The pathway analysis of Kyoto Encyclopedia of Gene and Genome (KEGG)

Based on the CEACAM1-related DEG, KEGG pathway analysis were conducted using the package "clusterProfiler" in the software of R. p < 0.05 was deemed to be significantly enriched term. We used the ggplot2 package for R to present the top-ranked pathways in terms of the number of enriched mRNAs in a bubble plot.

RT-qPCR

Cells were collected and RNA was extracted, and cDNA was synthesised using a reverse transcription kit (YEASEN, 11121ES60, Shanghai, China), followed by RT-qPCR using SYBR Green qPCR reagent (Biosharp, BL698A, Beijing, China). Moreover, RT-PCR for this study was performed using primers specific for human CEACAM1-4L (NM001712) were: F: 5'-AAACCAGAGTCTCCCGTCCT-3'; R: 5'-TTGTGCTCTCTGTGAGATCACGC-3'), and specific primers for human CEACAM1-3L (X14831) were: F: 5'-TCACTGATAATATGCTCTACCACAAGA-3'; R: 5'-TTGTGCTCTCTGTGAGATCACGC-3'. The primer for human GAPDH were: F: 5'-GCCATCACGTATCGTGGAAGG-3', R: 5'-GCCATCACGCCACAGTTTC-3'.

Cell transfection

The empty vector of plasmids (Miaoling Biology, P40122, Wuhan, China) served as a control. Plasmids contained CEACAM1-3L and CEACAM1-4L genes were constructed. BLBC cells (MDA-MB-231 or Hs-578T) were seeded into 6-well plates (3 × 105 cells/well) and 1.25μg of plasmid DNA was transfected using lipofectamine2000 reagent (Invitrogen, 11668-019, Carlsbad, USA). After 6 h of transfection, cells were rinsed and continued to be cultured in complete growth medium for 48 h, and then lysed for PCR analysis or other experiments.
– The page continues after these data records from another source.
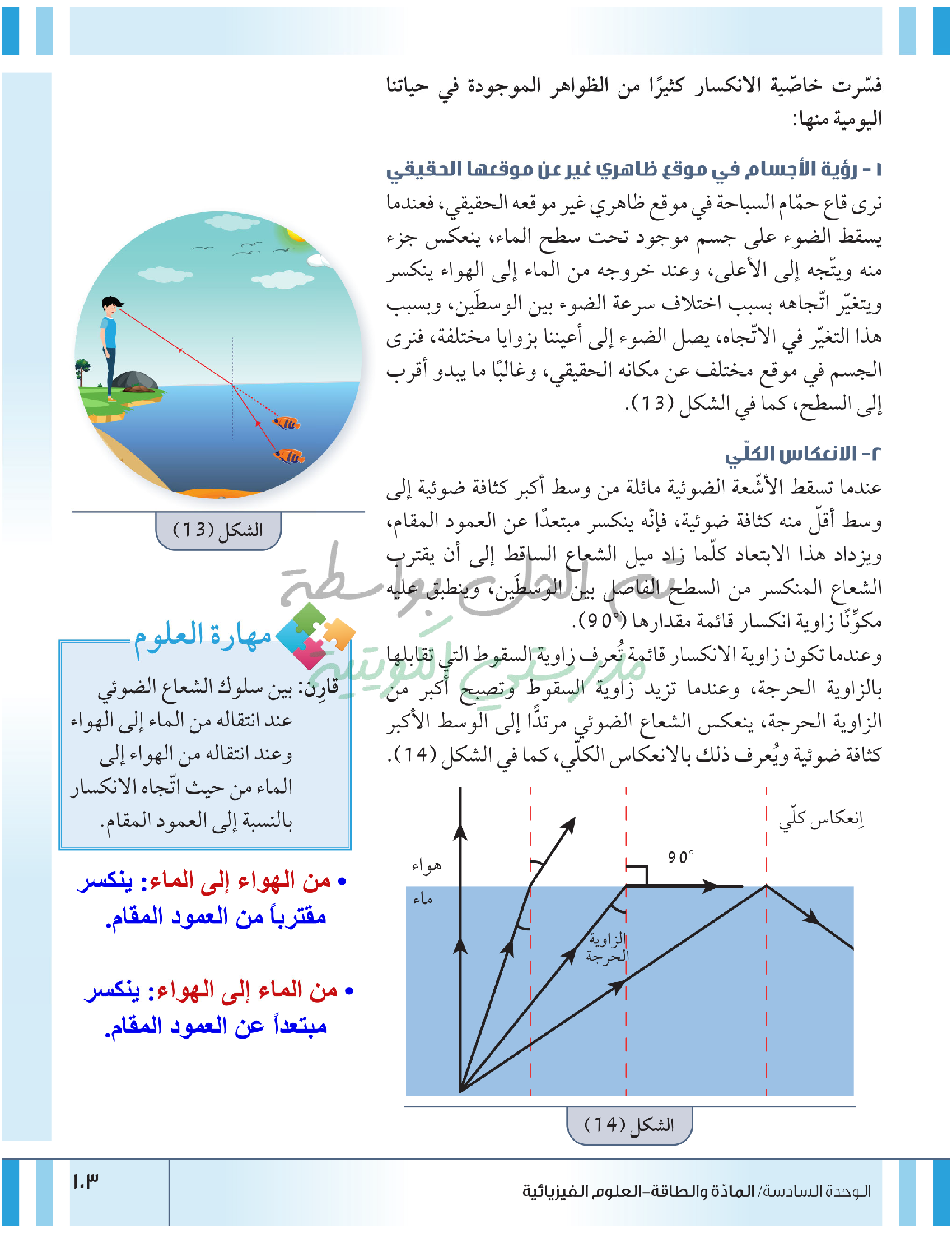 انكسار الضوء والانعكاس الكلي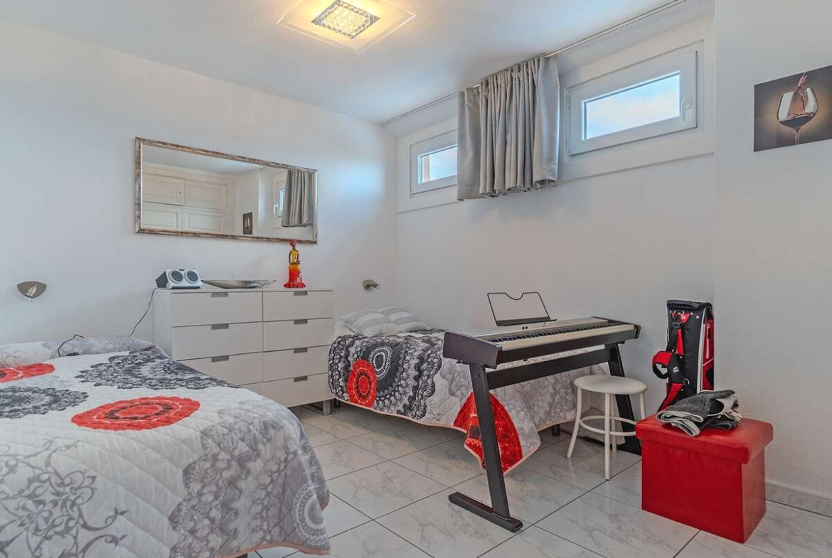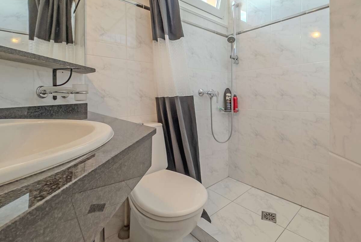 La planta superior alberga el dormitorio principal, también con armario empotrado, y un baño en suite con ducha, brindando un entorno íntimo y confortable.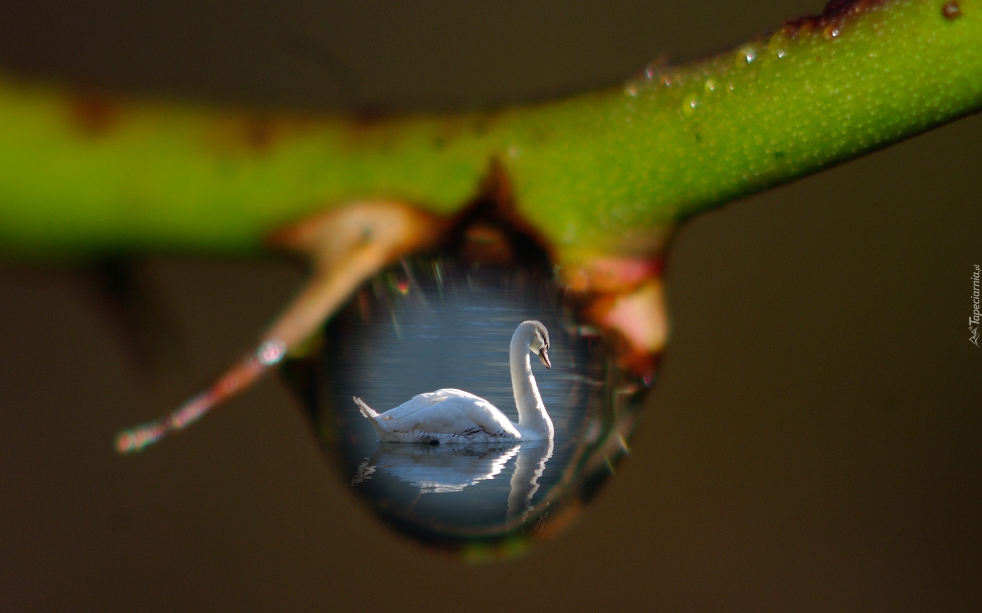 Edytor tapety: Gałąź, Kropla, Łabędź, Makro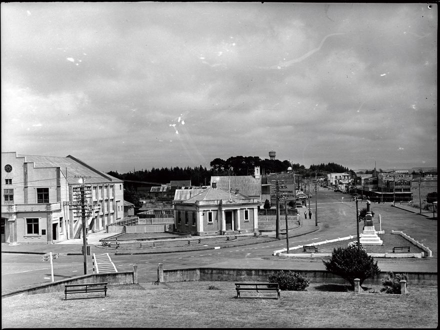 Foxton township, with the war memorial, built in 1920, in the foreground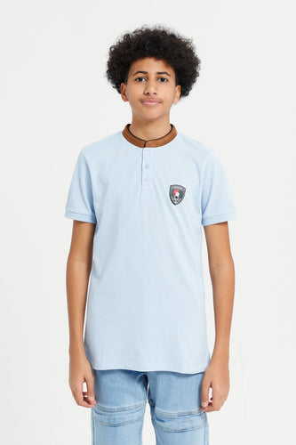 تيشيرت بولو بياقة ماندرين باللون الأزرق للأولاد الكبار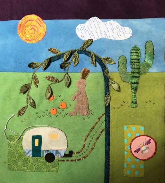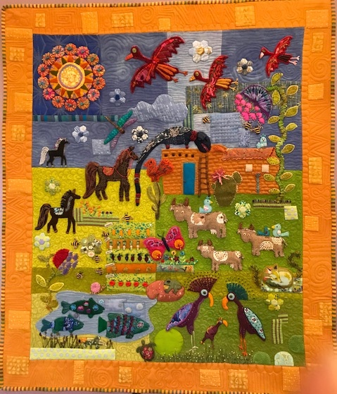 I was gobsmacked when I saw this quilt created by a fellow classmate, Ariane Zurcher. It is an amazing piece of folk art...but, what is really amazing is that she was inspired and started this quilt at a Sue Spargo workshop in Santa Fe in 2018! Yes...I am talking inspired, designed and stitched in less than a year!!! For a girl who has a pile of UFOs, this gave me chills...could I possibly become this passionate?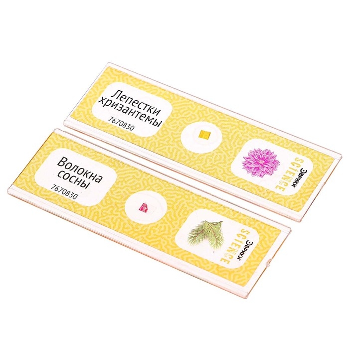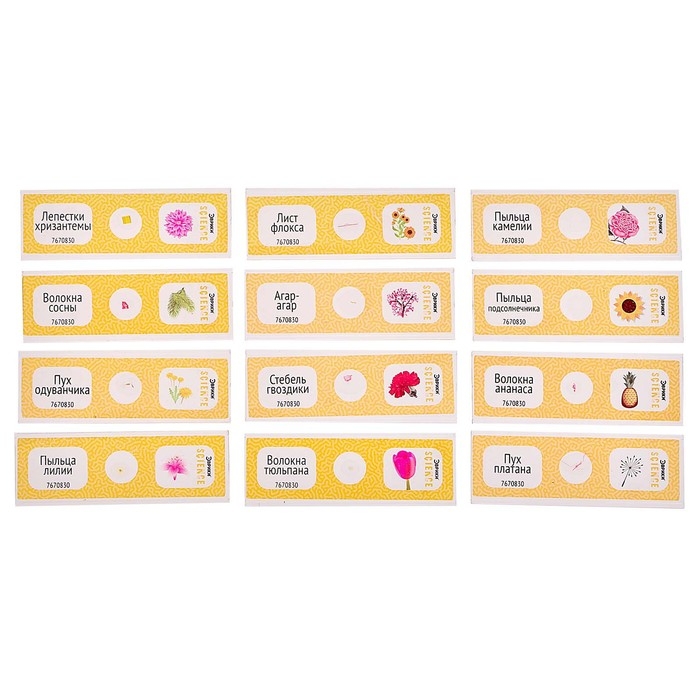 Наборы микропрепаратов делятся на серии, доступны следующие темы для изучения: цветы, животные, растения, насекомые.

Cell counting kit-8 (CCK-8)

The suspension of BLBC cells (100 μL/well, 4500 cells/well) were seeded into 96-well plates and 5 μg of plasmid DNA was transfect using lipofectamine 2000. After culturing the cells for 48 h, 10 μL solution reagent of CCK-8 (Biosharp, BS350C, Beijing, China) was pipetted into each well. 2 h incubation later, the absorbance was detected at 450 nm and the change ratio in cellular activity was calculated.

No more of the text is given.